Distribution-based dimensionality reduction applied to articulated motion recognition.

Full Abstract

Some articulated motion representations rely on frame-wise abstractions of the statistical distribution of low-level features such as orientation, color, or relational distributions. As configuration among parts changes with articulated motion, the distribution changes, tracing a trajectory in the latent space of distributions, which we call the configuration space. These trajectories can then be used for recognition using standard techniques such as dynamic time warping. The core theory in this paper concerns embedding the frame-wise distributions, which can be looked upon as probability functions, into a low-dimensional space so that we can estimate various meaningful probabilistic distances such as the Chernoff, Bhattacharya, Matusita, Kullback-Leibler (KL) or symmetric-KL distances based on dot products between points in this space.

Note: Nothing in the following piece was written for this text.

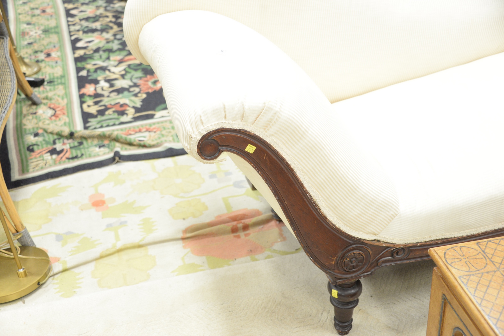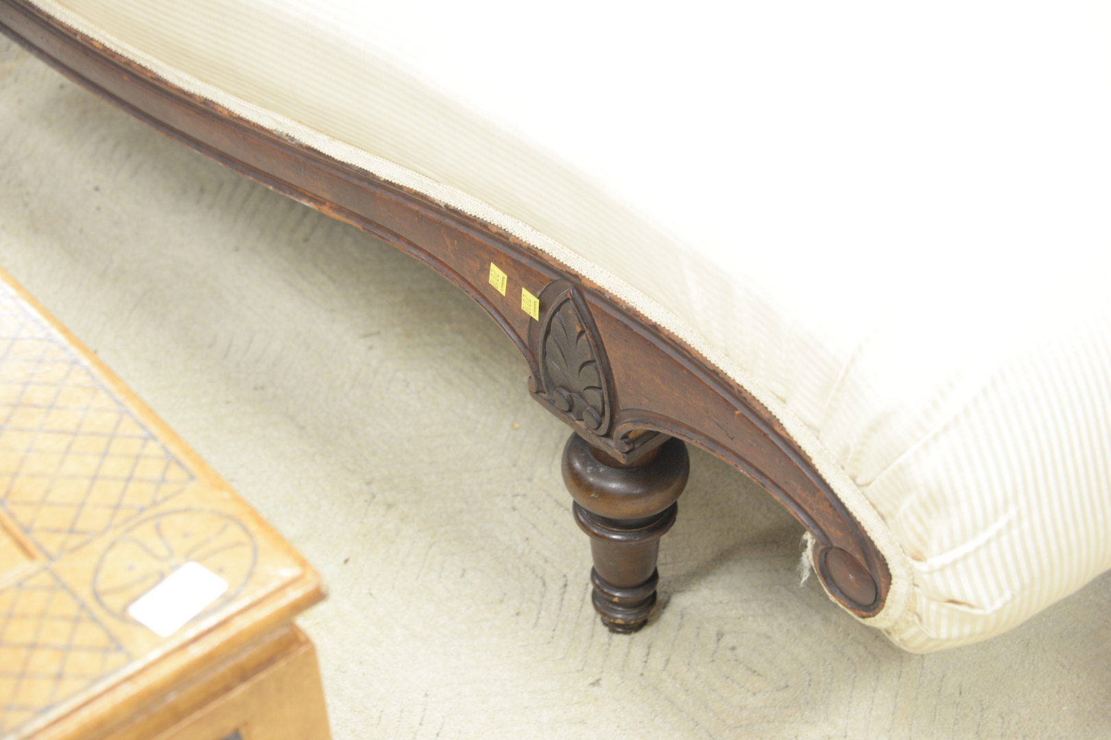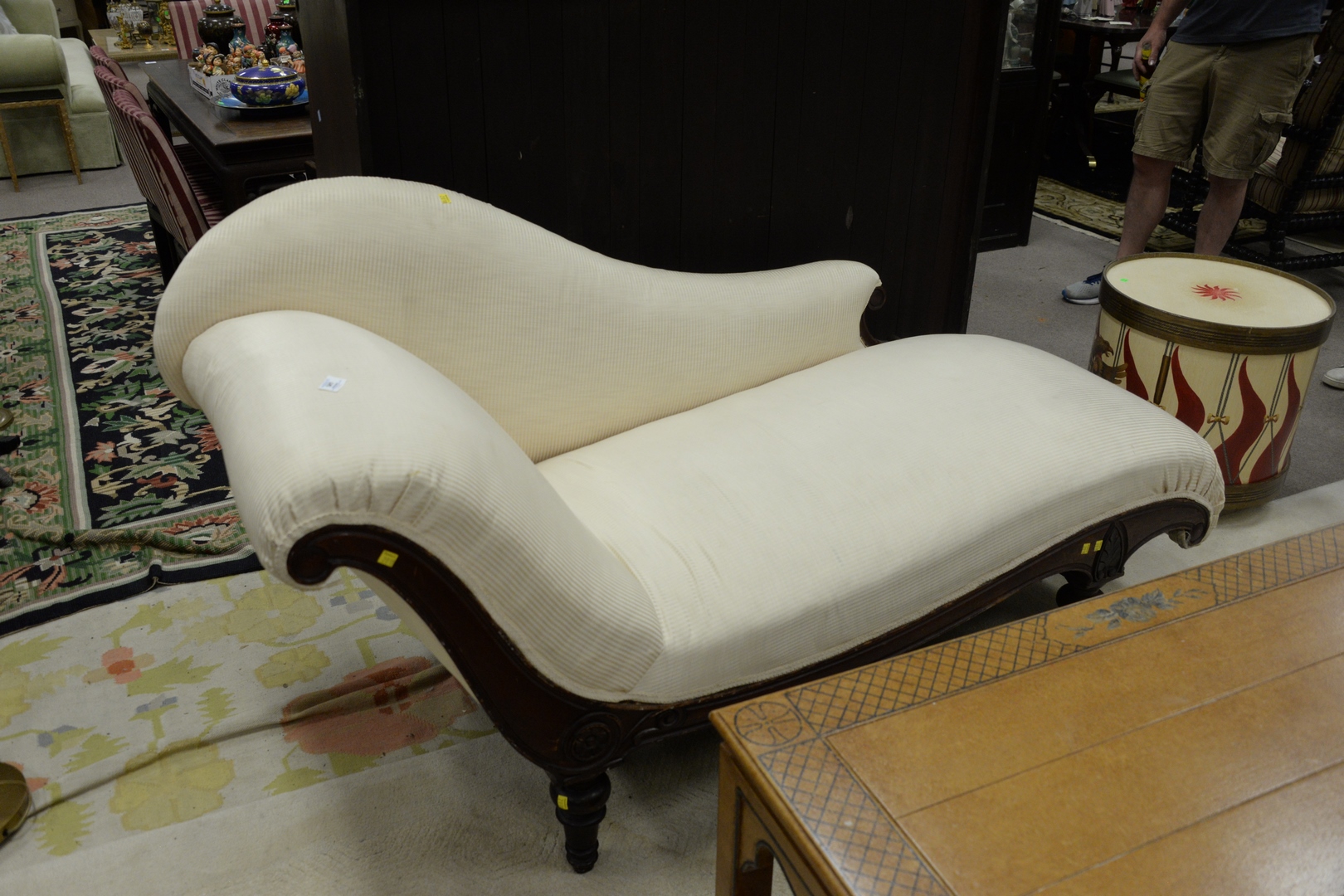 Victorian Chaise Lounge, in white upholstery, length 67 1/2 inches.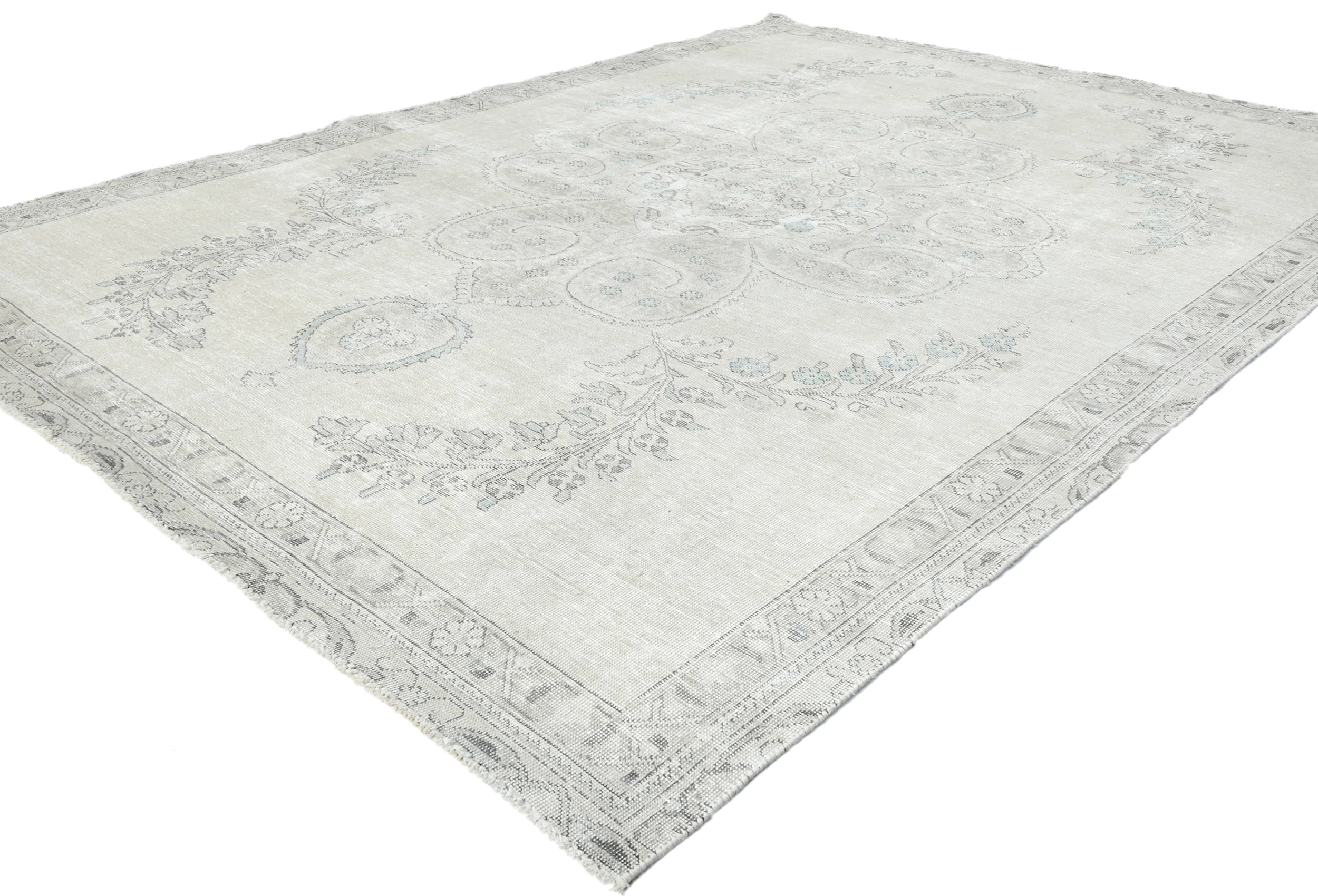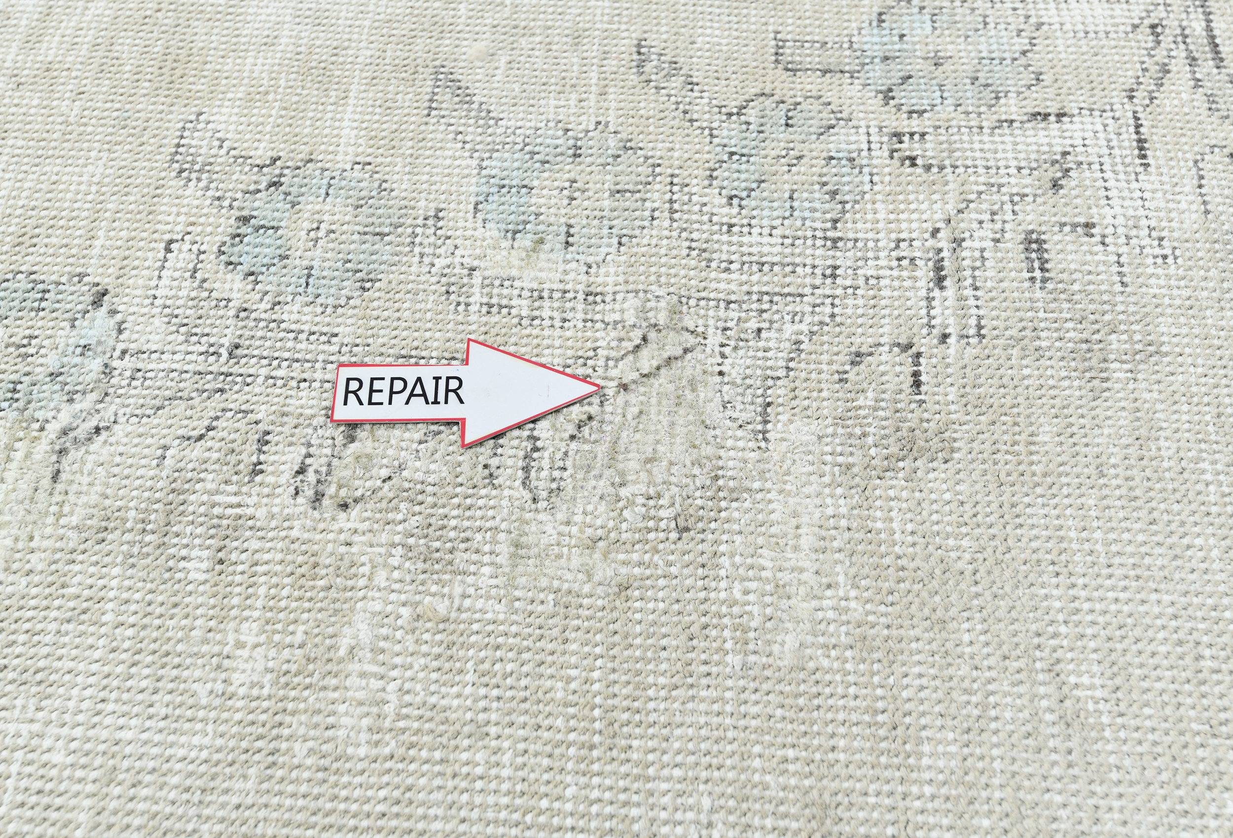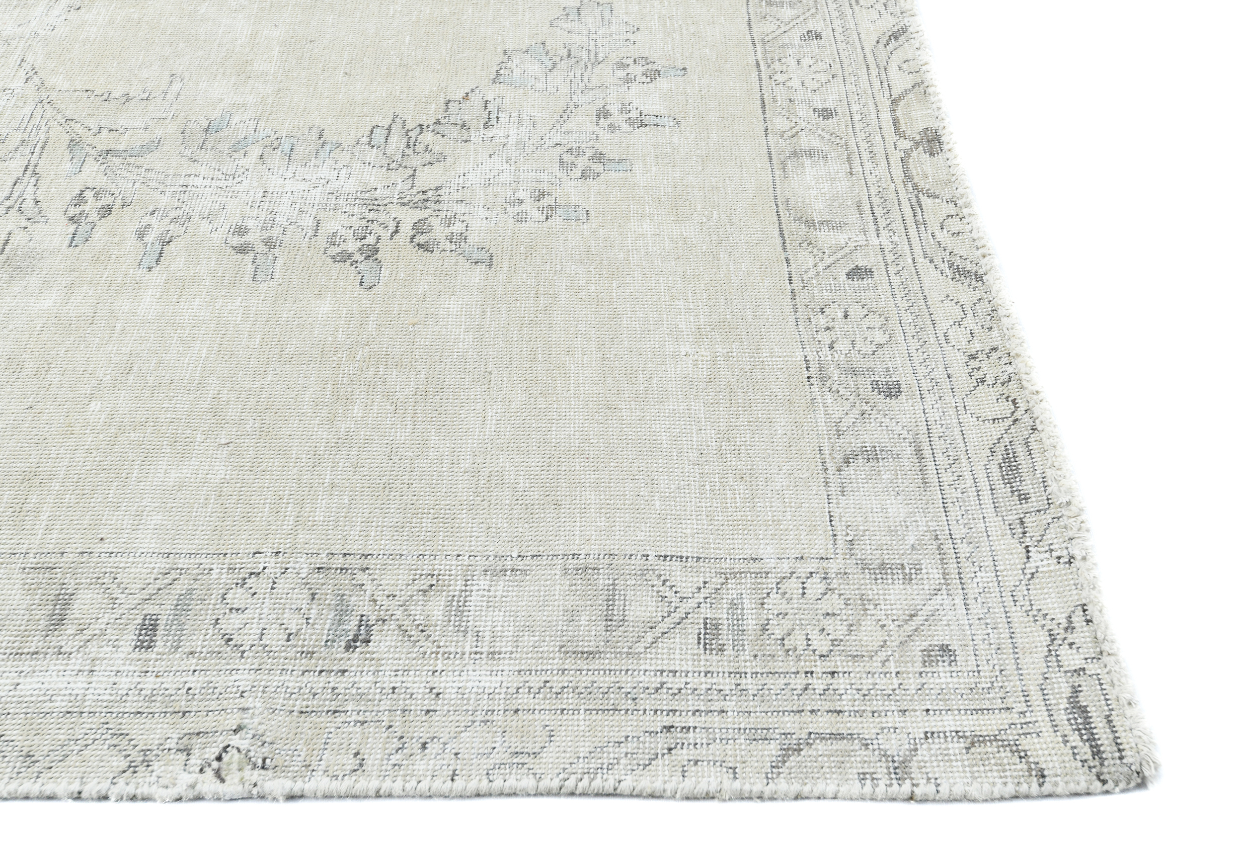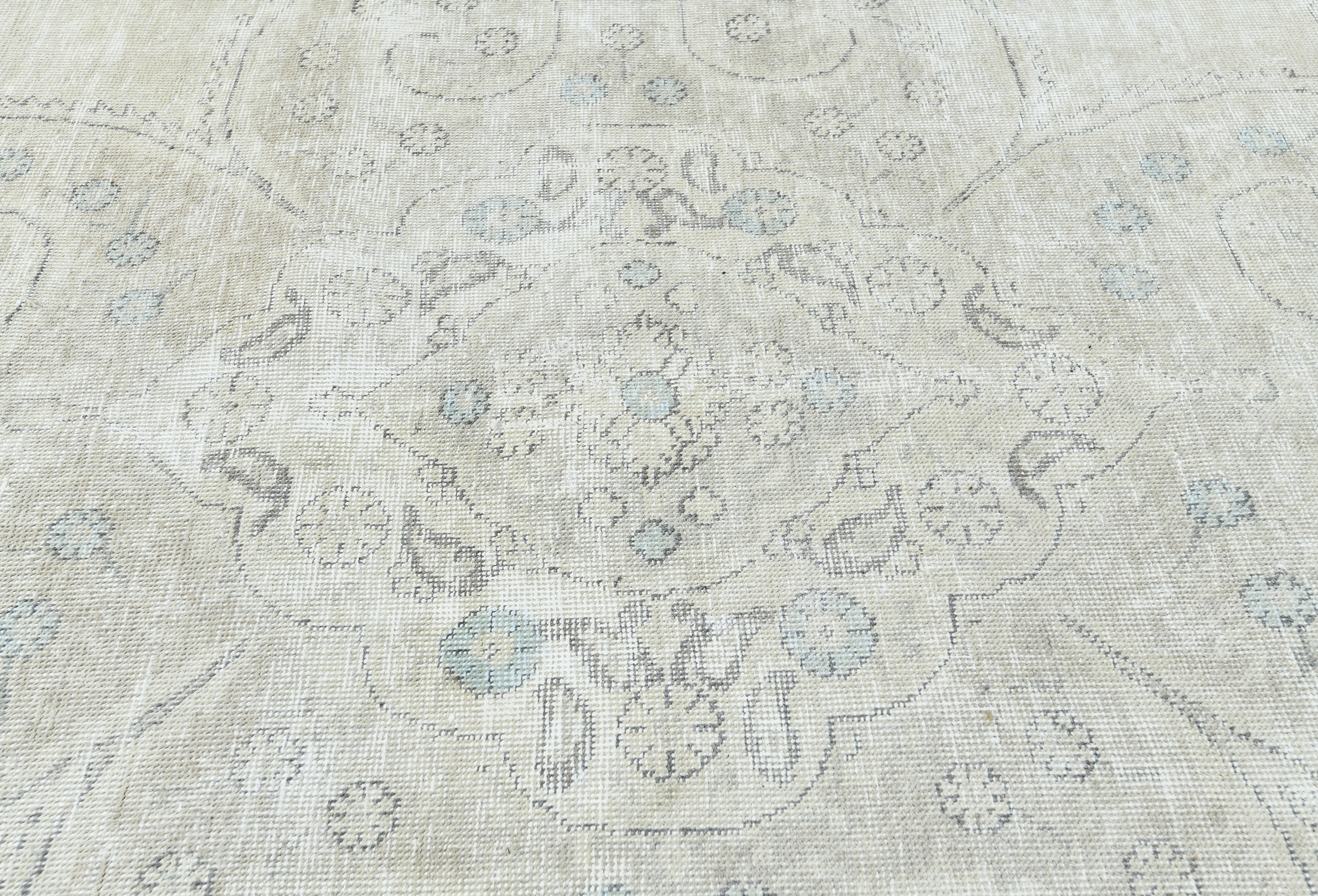 Antique Muted Beige Floral 7X10 Distressed Vintage Oriental Rug

Apart from computational advantages, this representation also affords speed-normalized matching of motion signatures. Speed normalized representations can be formed by interpolating the configuration trajectories along their arc lengths, without using any knowledge of the temporal scale variations between the sequences. We experiment with five different probabilistic distance measures and show the usefulness of the representation in three different contexts-sign recognition (with large number of possible classes), gesture recognition (with person variations), and classification of human-human interaction sequences (with segmentation problems). We find the importance of using the right distance measure for each situation. The low-dimensional embedding makes matching two to three times faster, while achieving recognition accuracies that are close to those obtained without using a low-dimensional embedding. We also empirically establish the robustness of the representation with respect to low-level parameters, embedding parameters, and temporal-scale parameters.

 

Author information

Author/s: Nayak, Sunita (S); Sarkar, Sudeep (S); Loeding, Barbara (B);

Affiliation: Photometria Inc., 4320 La Jolla Village Dr. #205, San Diego, CA 92122, USA. snayak(-atsign-)photometria.com

Journal and publication information

Publication Type: Journal Article; Research Support, U.S. Gov't, Non-P.H.S.

Journal: IEEE transactions on pattern analysis and machine intelligence (IEEE Trans Pattern Anal Mach Intell), published in United States. (Language: eng)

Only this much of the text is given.